Friday, February 26, 2010

Tools of the Trade

As a kid, I loved sharpening pencils. I adored the feel of the wood being chipped away by the grinding cogs. I couldn’t get enough of the smell that lifted from the pencil as it shaped to a point. Sometimes, when using a small sharpener, I kept the resulting curl of wood. There was something beautiful about the silhouette, the way it resembled a rosette trimmed in yellow paint.

All through high school, I was required to write in cursive with an ink pen. It was considered proper etiquette. And if I didn’t have horrendous cursive, I would have embraced this notion. But as it was, my writing was jerky and I oftentimes forgot a loop, thereby omitting an N or R. Cursive required way too much thought for this kid.

By the time I got to college, computers were more commonplace. I still took class notes with a pen, all caps scrawled across wide-ruled paper, but essays were written directly on the computer. Gone were the days of handwriting a paper and typing it up as if using a typewriter.

For various reasons, many professionals claim writing by hand is best. Every few years I momentarily accept this theory and I start carrying a journal with me. It’s always a beautifully bound book, often a thoughtful gift from a loving friend. Clipped to the cover is a roller ball pen. If I have to write by hand, it needs to be a pen and it needs to be a roller ball. For the last year, my nib of choice has been the bold point Vision Elite, preferably blue.

At first, I embrace the journal like a new love. I want to have it near me at all times. I want to be able to revisit what I’ve jotted down. A week later, I’m tired of the extra weight in my purse. By the end of the month, I’ve stashed it on the shelf and have returned to my preferred method of writing, a computer. It is at a keyboard where my thoughts and fingers move in tandem.
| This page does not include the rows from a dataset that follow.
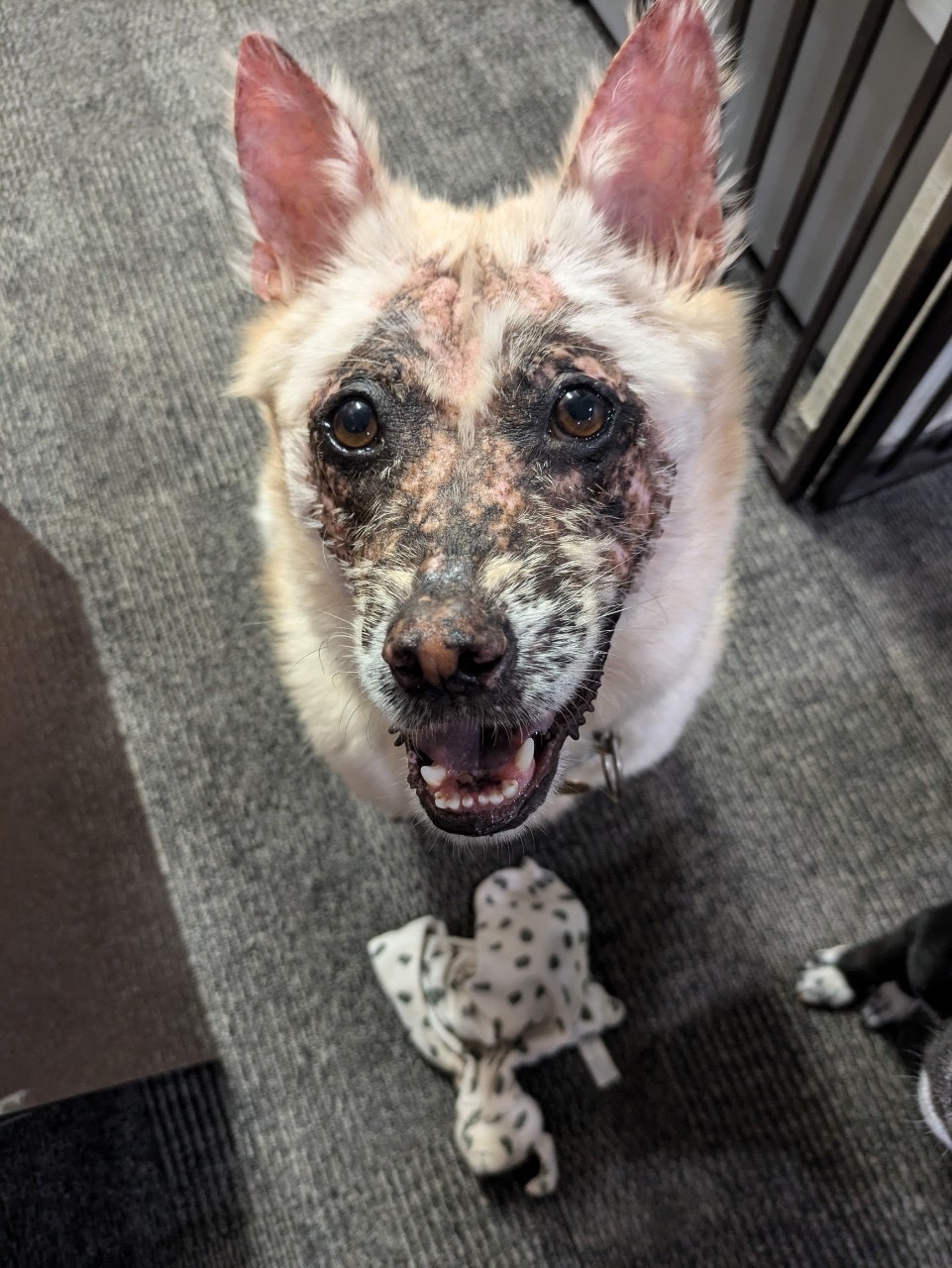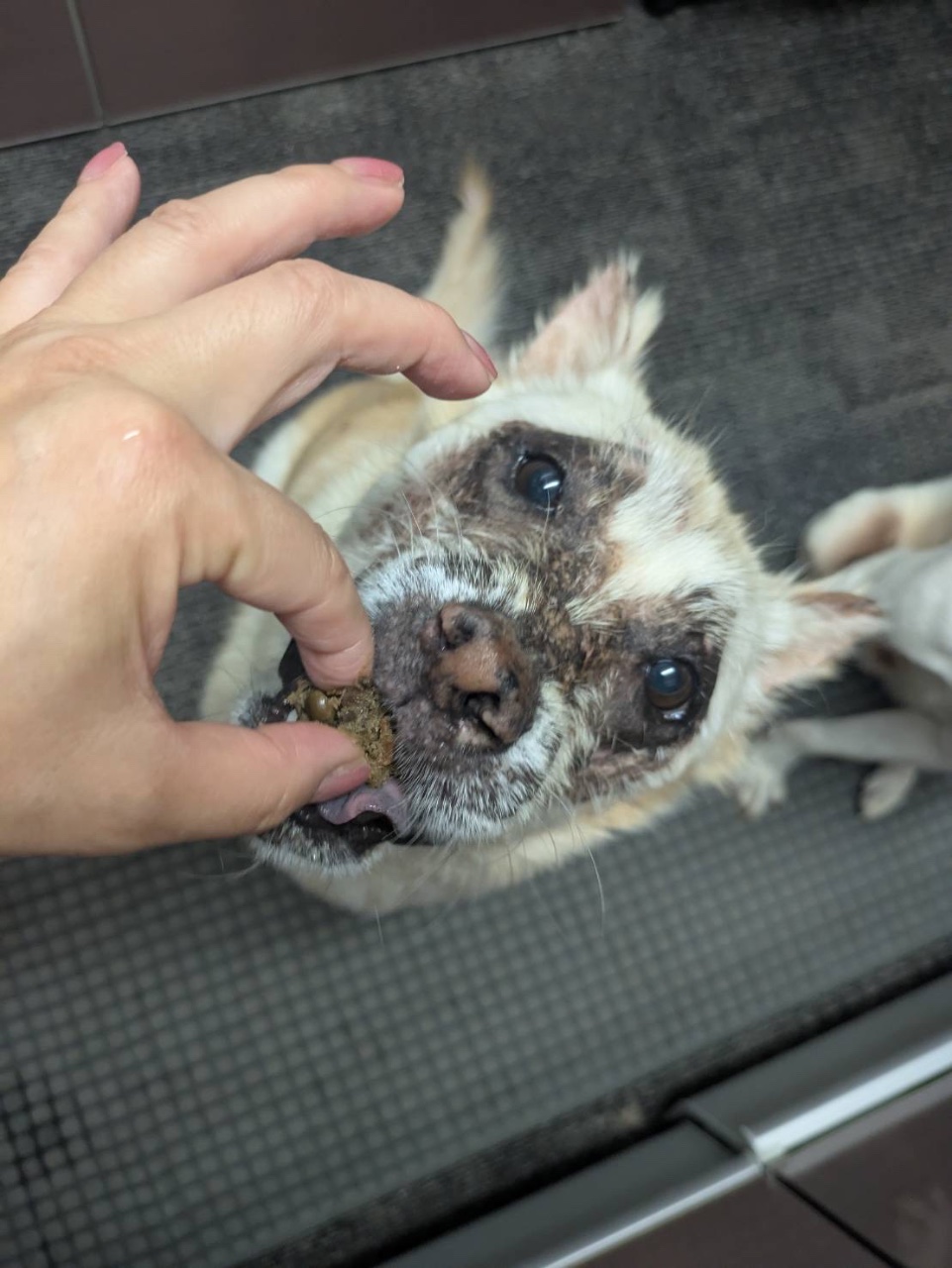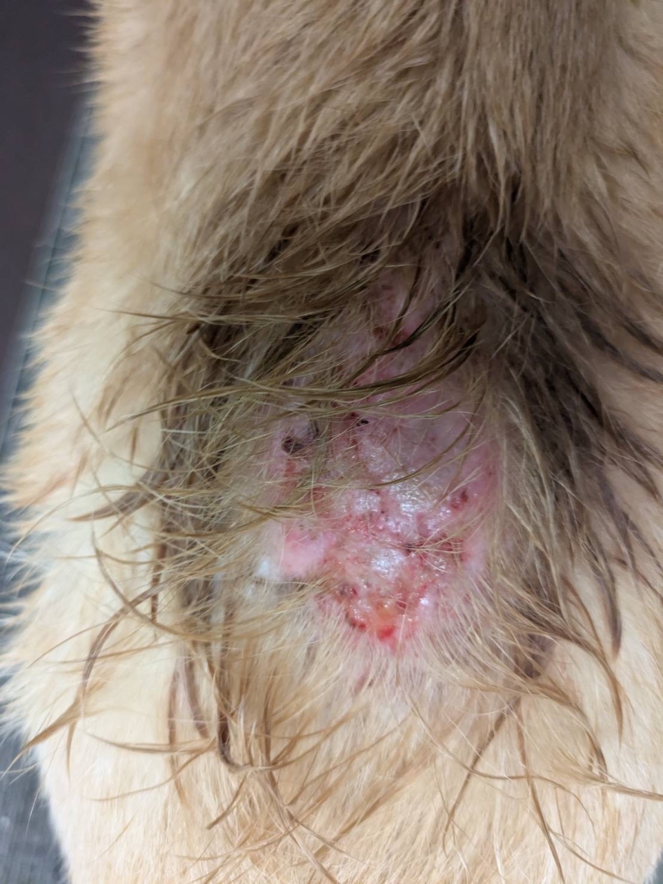 フェイフェイの虚血性皮膚症の症状で、薬が切れると痒みや皮膚がつっぱってしまい、舐め壊しが始まるとあっという間にじゅくっとします。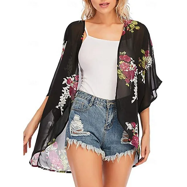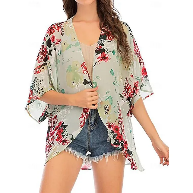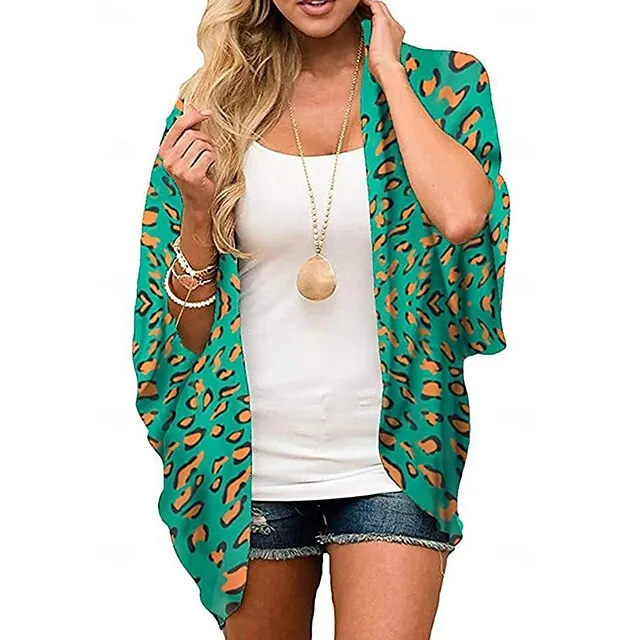 Women’s Shirt Shrugs Floral Leopard Casual Holiday Black Light Green Pink Print Long Sleeve Fashion V Neck Regular Fit Spring & Summer
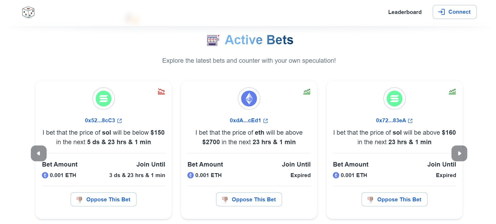 AceDen developed a peer-to-peer betting platform for cryptocurrency price movements. This innovative project allows users to wager on whether cryptocurrency prices will rise or fall, supporting popular cryptocurrencies like Bitcoin, Ethereum, and Solana.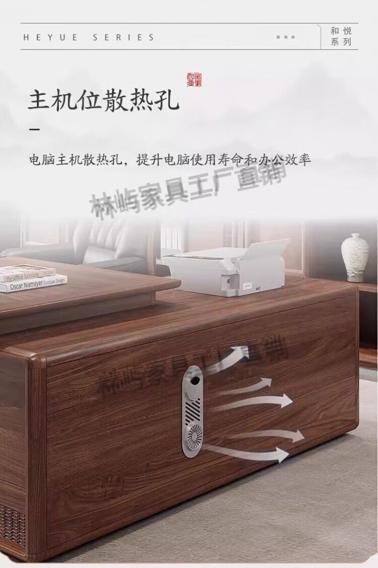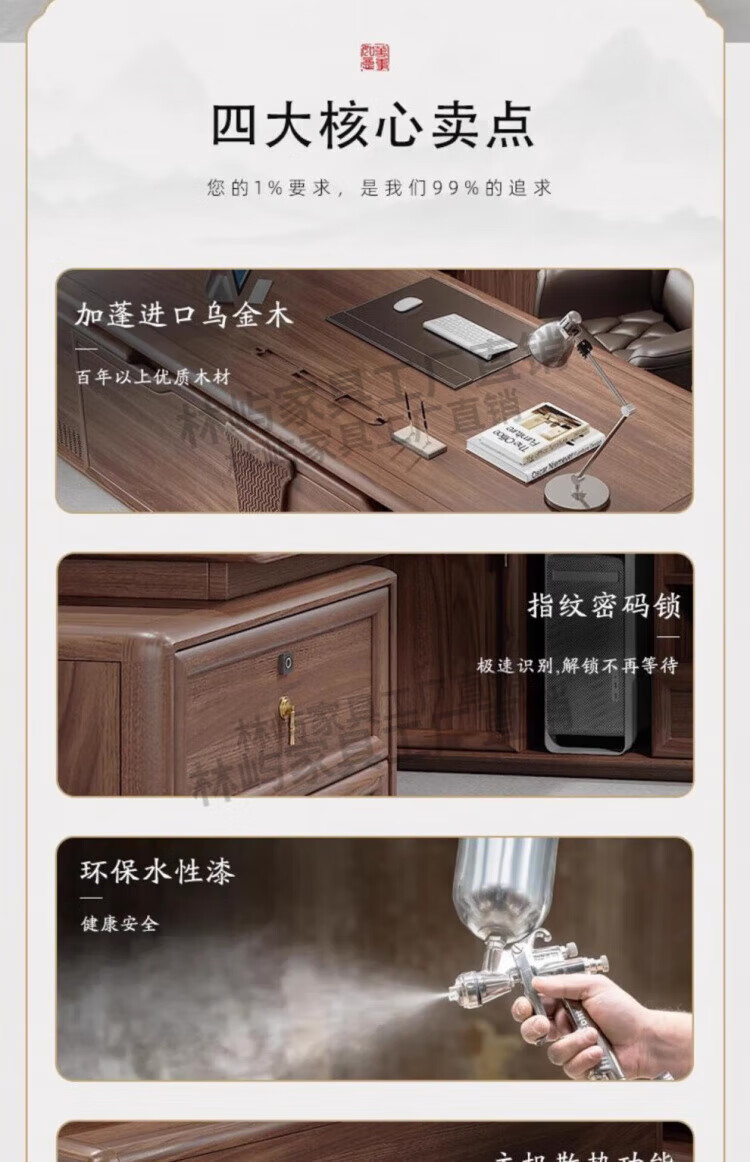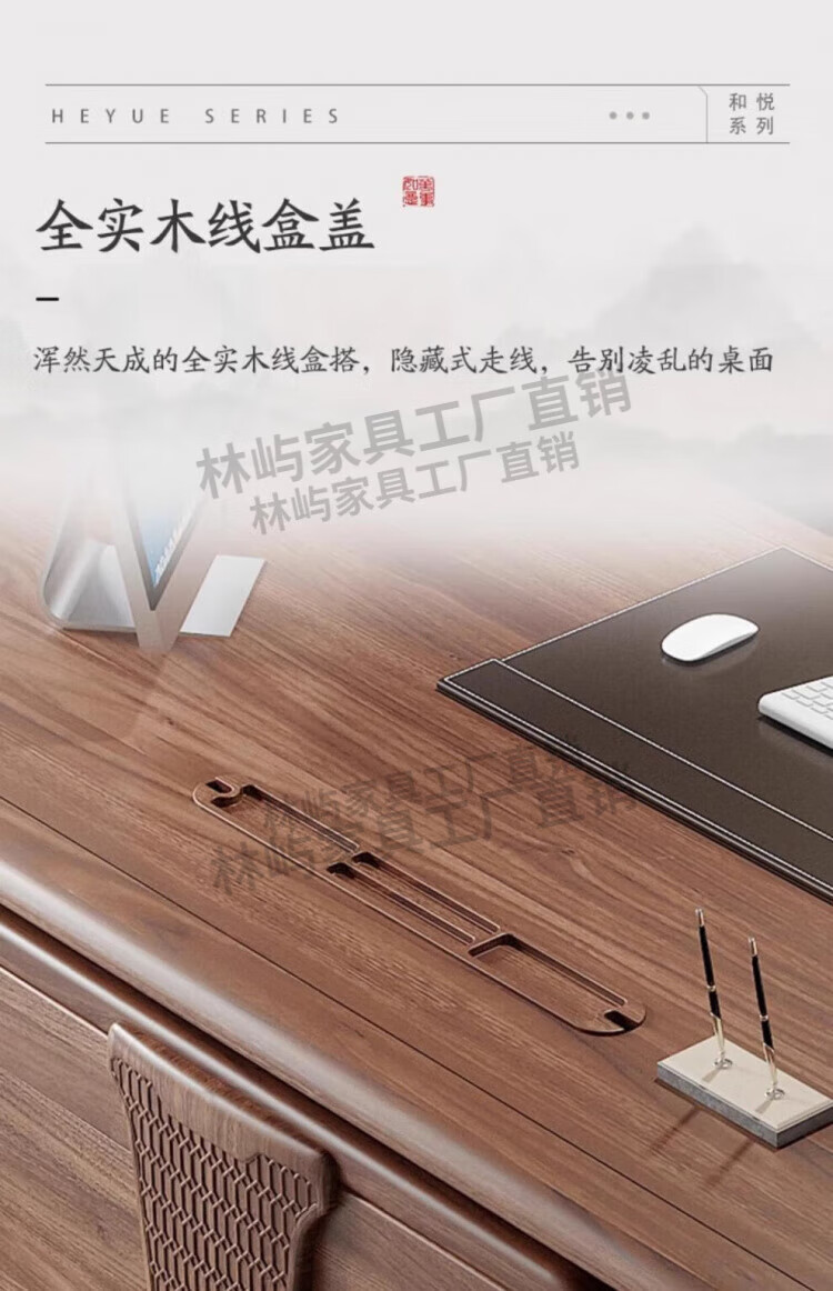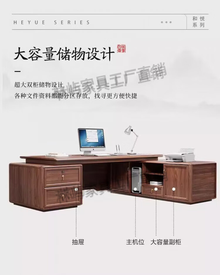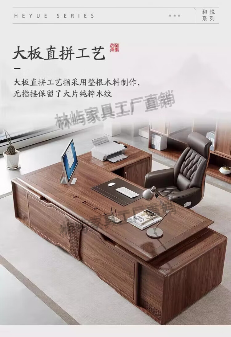 Solid wood desk, new Chinese style boss desk, ebony wood executive desk, modern light luxury general manager room decorative cabinet combination, boss desk customization, consult customer service
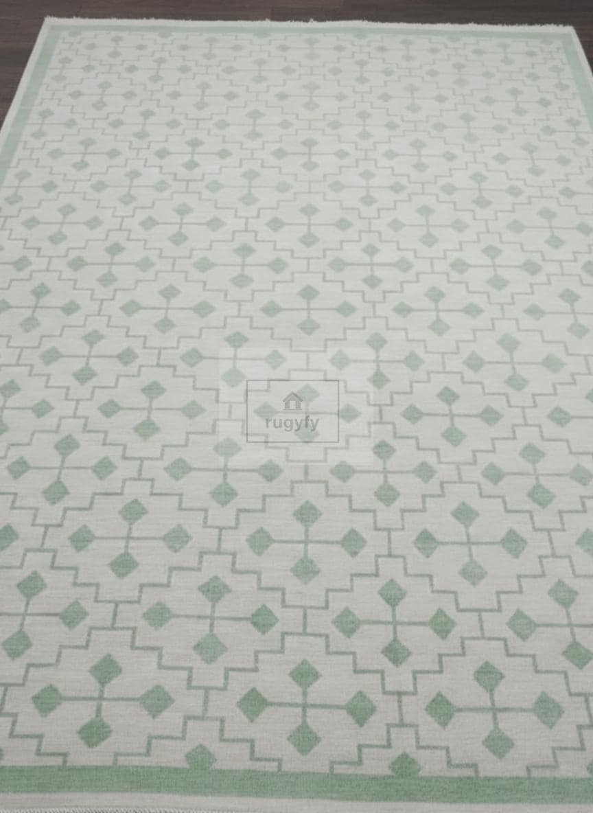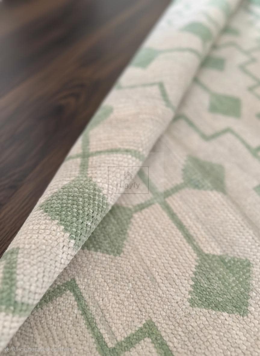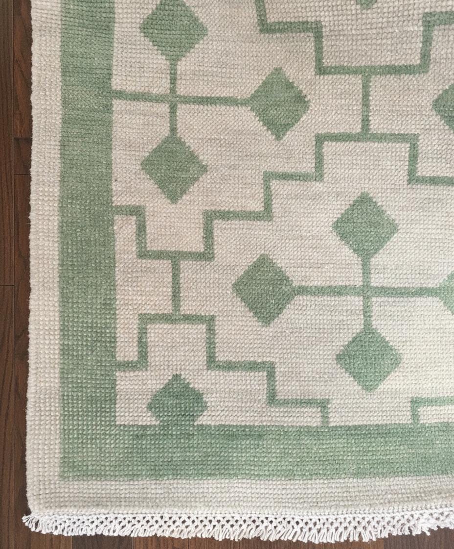 Keywords: oushak area rug, turkish geometric rug, sage green carpet, ivory green rug, large neutral rug, boho farmhouse rug, scandinavian rug, coastal area rug, modern oushak, hand knotted wool carpet, 9x12 living room rug, geometric wool rug, minimal green rug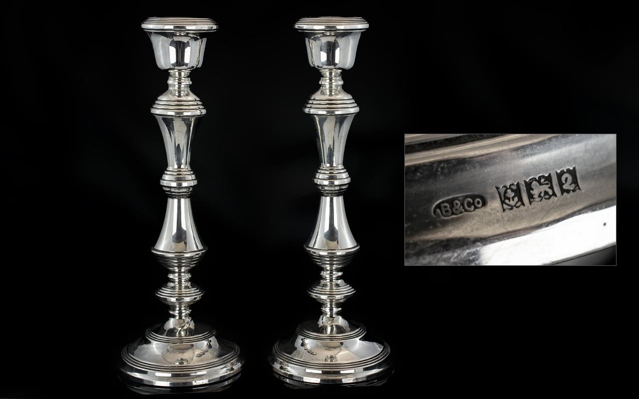 Elizabeth II - Large and Very Fine Pair of Sterling Silver Candlesticks of Pleasing Proportions and Design. Hallmark Birmingham 1965, Maker B & Company, W.I. Broadway & Co. Height 10.75 Inches - 26.90 cms Each. Total Weight 1246.4 grams, Loaded Bases, Each Candlestick Nr Mint Condition - Please Confirm with Photo.
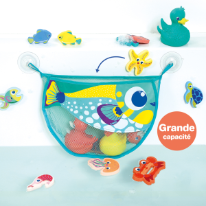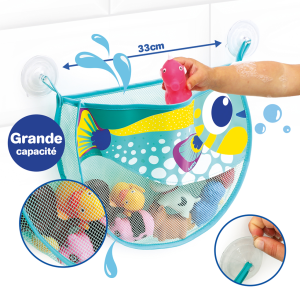 Dotaz na produktOriginální skládací koš na hračky ve veselém designu ryby nabízí chytré řešení, jak mít koupelnu uklizenou hned po koupání. Koš snadno připevníte díky dvěma přísavkám nad vanu. Síťovinové díly umožňují odtok vody z uložených hraček a jejich vyschnutí.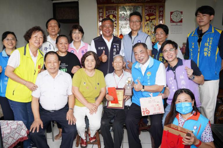 同樣是百歲的林江是今日拜訪7位人瑞之中,唯一的男性,林江看到眾人來拜訪,連忙起身招呼大家,他台語流暢,雖然行動緩慢,但家屬說他不僅能從一樓爬到二樓,頭腦靈敏,記憶力還很好,令眾人稱羨。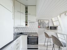 Keittiön varusteet: Jääkaappipakastin ja astianpesukone. Liesi: Induktioliesi.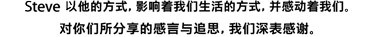 100 多万来自世界各地的人们,分享了彼此对 Steve 的感怀、感念以及感受。无论是朋友、同事还是 Apple 产品的用户,都被 Steve 的热情和创造力所深深触动。如下是他们的感言,也请将你想说的发送电子邮件至 rememberingsteve@apple.com。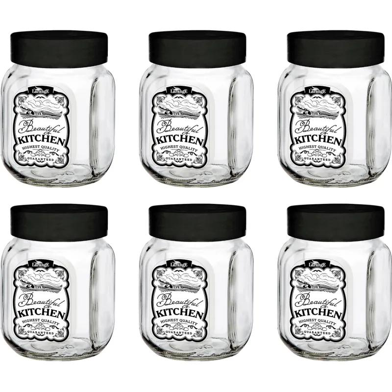 Банка для хранения Квестор стеклянная 900 мл (6 штук в упаковке) <br><br>Банка для хранения объёмом 900 мл с чёрной металлической крышкой — это стильное и практичное решение для организации ваших продуктов. Изготовленная из высококачественного стекла, она идеально подходит для хранения различных сыпучих продуктов и специй. <br>Преимущества: <br>1. Элегантный дизайн: квадратная форма с скруглёнными гранями придаёт банке современный и стильный вид, что делает её отличным дополнением к любой кухне. <br>2. Нескользящее основание: специально разработанное дно с текстурированным покрытием предотвращает скольжение, обеспечивая надёжную стабильность на любой поверхности. <br>3. Лёгкость в уходе: гладкая поверхность банки позволяет легко мыть её, что делает уход за ней быстрым и беспроблемным. <br>Эта банка станет незаменимым помощником на вашей кухне, идеально подходя для хранения муки, сахара, круп и других продуктов.<br>Высота банки: 15.8 см.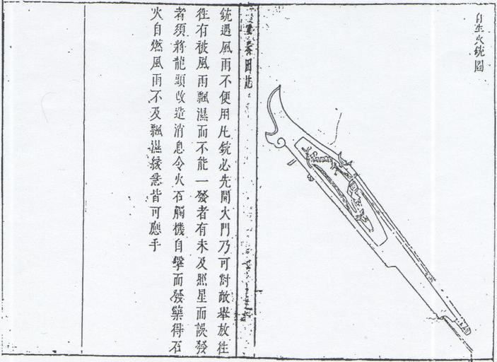 Keywords: 自生火銃.png en Ming flintlock gun zh 明代的自生火銃(燧發銃) 軍器 說 畢懋康 明崇禎十 年(1638年) PD-Art Flintlock firearms Flintlock muskets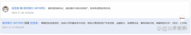 而对于投资者询问的南京银行与恒大集团贷款业务往来问题,南京银行则向外界抛出了一颗“定心丸”,称该行存量业务中仅有一笔恒大集团房地产开发贷款,金额较小,抵押物充足,整体风险可控。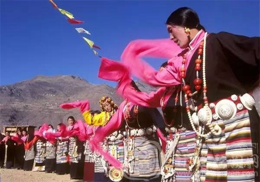 新龍鍋莊享譽藏區(qū),被譽為中國鍋莊之鄉(xiāng)。新龍鍋莊獨樹一幟,風格與其他藏區(qū)的鍋莊迥異。新龍鍋莊據(jù)說是在格薩爾時代,有一位會唱山歌的商人,名叫阿俄絨布,他游走經(jīng)商各地。每到一個地方,阿俄絨布總是一邊經(jīng)商,一邊唱著山歌。他來到新龍以后,就獨創(chuàng)了一種舞蹈,并傳授給當?shù)厝耍@種舞蹈很快在新龍地區(qū)流行起來。由于新龍與世隔絕,這種舞蹈沒有外傳,發(fā)展成為現(xiàn)在的“新龍鍋莊”。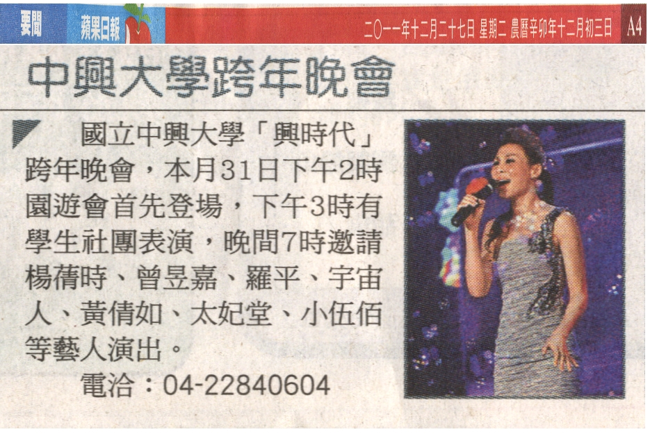 國立中興大學「興時代」跨年晚會,本月31日下午2時園遊會首先登場,下午3時有學生社團表演,晚間7時邀請楊蒨時、曾昱嘉、羅平、宇宙人、黃倩如、太妃堂、小伍佰等藝人演出。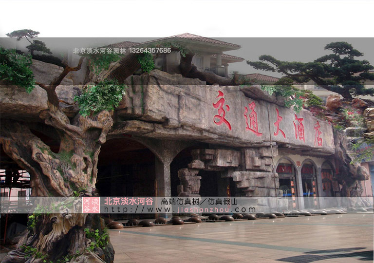 萬達集團各個項目地點的入口是供行人和車輛來往、通行的主要通道,設有主干道和人行橫道,我司將塑石假山主要定位于在道路的兩旁和頂部懸空的位置,同時假山內部可設置門衛室和電動伸縮門等。

Curiously, while I write best at a computer, I edit best with paper and pen. Maybe it has to do with holding the product in my hands. Or perhaps I dislike reading things on screens, which would possibly explain why I have yet to bite the Kindle bullet. Anyway, once I have a draft on paper, I grab a pen and start making notes, crossing out useless phrases and circling words I believe can be improved upon. Not until I get to the end do I sit down at my computer and make the desired changes.

The other day I bought some pencils for Anders and Olivia, my niece and nephew. Target had them on sale and I couldn’t resist the metallic paint and pictures of basketballs and ballet slippers. For a second, I thought about buying a set for myself. I could sharpen the nubs just like I did as a kid, a bouquet of rosettes sitting to the side of my computer. Plus, I could revisit the notion that writing by hand triggers unique creativity.

Instead, I tossed the extra package back on the shelf and wandered off in search of laundry detergent. I was certain the romantic return to pencils would likely turn out the same as my collection of journals. Lead tips would break at the worst time and erasers would get hard and tear holes in the paper. A few weeks in I would curse the idea. And anyway, for now I’m happy with the tools I have.

1 comment:

  1. My square, tiny, all-caps, block-letter-print handwriting salutes your un-cursiveness.

    I learned to write in perfect, neatly trimmed, miniscule font in order to fill in run reports in triplicate, when I was a medic.

    It sort of became me. I love a good calligraphy pen, though I currently don't own one.